A Continental Mandate Finds a Home in Brazzaville

When the Organisation of African Unity adopted, in Port-Louis in 1976, a resolution calling for a biennial festival dedicated to the safeguarding of African musical heritage, few delegates imagined that Brazzaville would eventually become its permanent stage. After early consultations with Kinshasa and Antananarivo, the Congo secured hosting rights during the ministerial session of February 1994, a moment steered by Foreign Minister Benjamin Bounkoulou and endorsed by President Pascal Lissouba. That decision, later confirmed by the African Union, entrusted Brazzaville with an initiative that transcended entertainment and was conceived as an act of continental policy.

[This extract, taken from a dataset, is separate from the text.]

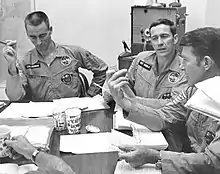 Throughout the Mercury and Gemini programs, McDonnell Aircraft engineer Guenter Wendt led the spacecraft launch pad teams, with ultimate responsibility for condition of the spacecraft at launch. He earned the astronauts' respect and admiration, including Schirra's.[36] However, the spacecraft contractor had changed from McDonnell (Mercury and Gemini) to North American (Apollo), so Wendt was not the pad leader for Apollo 1.[37] So adamant was Schirra in his desire to have Wendt back as pad leader for his Apollo flight, that he got his boss Slayton to persuade North American management to hire Wendt away from McDonnell, and Schirra personally lobbied North American's launch operations manager to change Wendt's shift from midnight to day so he could be pad leader for Apollo 7. Wendt remained as pad leader for the entire Apollo program.[37] When he departed the spacecraft area as the pad was evacuated prior to launch, after Cunningham said, "I think Guenter's going", Eisele responded "Yes, I think Guenter went."[lower-alpha 2][38][39][40][41]

Music as a Vessel of Heritage and Modernity

The conceptual blueprint drafted by the OAU’s cultural affairs division, and refined in ministerial meetings in 1986 and 1988, framed the festival as a guardian of endangered oral traditions while acknowledging the transformative reach of Afro-diasporic genres from New Orleans to Cape Town. UNESCO’s Atlas of the World’s Languages in Danger warns that intangible cultural assets disappear at alarming speed; the same logic applies to musical idioms. FESPAM thus responds both to nostalgia and to the dynamism of African creativity, offering a curated space where traditional ngoma ensembles share billing with afrobeats chart-toppers.

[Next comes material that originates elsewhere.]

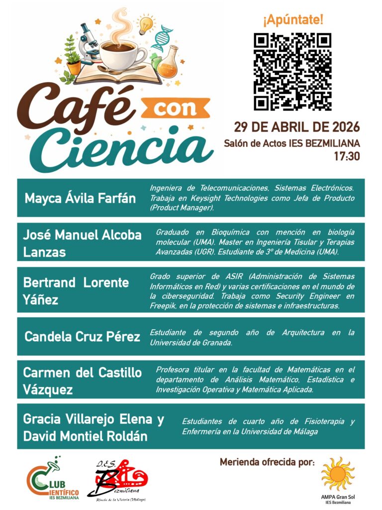 La actividad “Café con Ciencia” es una mesa redonda dinámica en la que profesionales y estudiantes de ámbitos científicos y tecnológicos comparten sus experiencias para orientar a nuestro alumnado. En un ambiente cercano y participativo, los estudiantes pueden plantear dudas y conocer de primera mano distintas trayectorias académicas y salidas profesionales, lo que contribuye a despertar vocaciones y a ofrecer una visión más realista y accesible del mundo de la ciencia y la tecnología.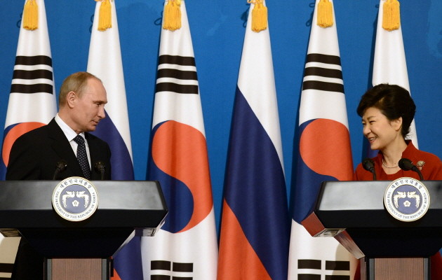 박근혜 대통령이 13일 오후 청와대에서 방한한 블라디미르 푸틴 러시아 대통령과 악수를 있다.

Economic Resonance Beyond the Stage

Government planners underscore that, in a sub-region where oil price cycles create fiscal volatility, the creative economy represents an under-exploited diversification tool. The last pre-pandemic edition in 2017 attracted nearly 3 000 accredited participants and injected an estimated 7.5 million US dollars into local services according to the Ministry of Culture. Hoteliers anticipate occupancy rates exceeding 85 percent during festival week, while Brazzaville’s nascent start-up community eyes digital ticketing and streaming applications as new revenue frontiers. The African Development Bank, in a 2022 brief on cultural industries, confirmed that every cultural job tends to generate 1.8 ancillary positions—a multiplier relevant to Congo’s youthful labour market.

Soft Power and Regional Image Management

For President Denis Sassou Nguesso, hosting the festival complements Congo’s longstanding mediation profile, from the International Conference on the Great Lakes Region to climate diplomacy over the Congo Basin. As one senior official in the Ministry of Foreign Affairs observed, the festival is “our most melodic diplomatic note”, a formulation that echoes Joseph Nye’s soft-power thesis. The African Union Commission regards FESPAM as a flagship that aligns with Agenda 2063’s aspiration for ‘An Africa with a Strong Cultural Identity’, while foreign missions in Brazzaville discreetly welcome a public diplomacy forum that is unburdened by hard security agendas.

Navigating Logistical and Public-Health Variables

Organisers nevertheless face operational imperatives. The 2025 edition coincides with infrastructure upgrades funded through a bilateral facility with China, requiring synchronisation to avoid construction bottlenecks. On the public-health front, the Ministry of Health is finalising a surveillance protocol with the Africa Centres for Disease Control in light of lessons learnt from COVID-19. The aim, officials say, is to deliver a ‘green-zone’ festival that reassures performers, sponsors and tourists without dampening the festive ambiance that has long distinguished FESPAM from other continental gatherings.

Charting Prospects for 2025 and Beyond

Looking ahead, cultural economists argue that FESPAM’s impact will be measured less by headliner profiles than by its ability to embed skills within local ecosystems—sound engineering, copyright management, tour logistics—that persist after the final encore. Discussions are underway with the International Federation of Musicians to stage capacity-building workshops, while the African Export-Import Bank explores guarantee schemes for regional music ventures. If realised, these initiatives could substantiate Ambassador Pascal Gayama’s vision of music as both a covenant of peace and an engine of solidarity. In that sense, the forthcoming edition represents not merely a milestone in festival chronology but a test of how Congo, and by extension the African Union, can translate cultural capital into sustainable development.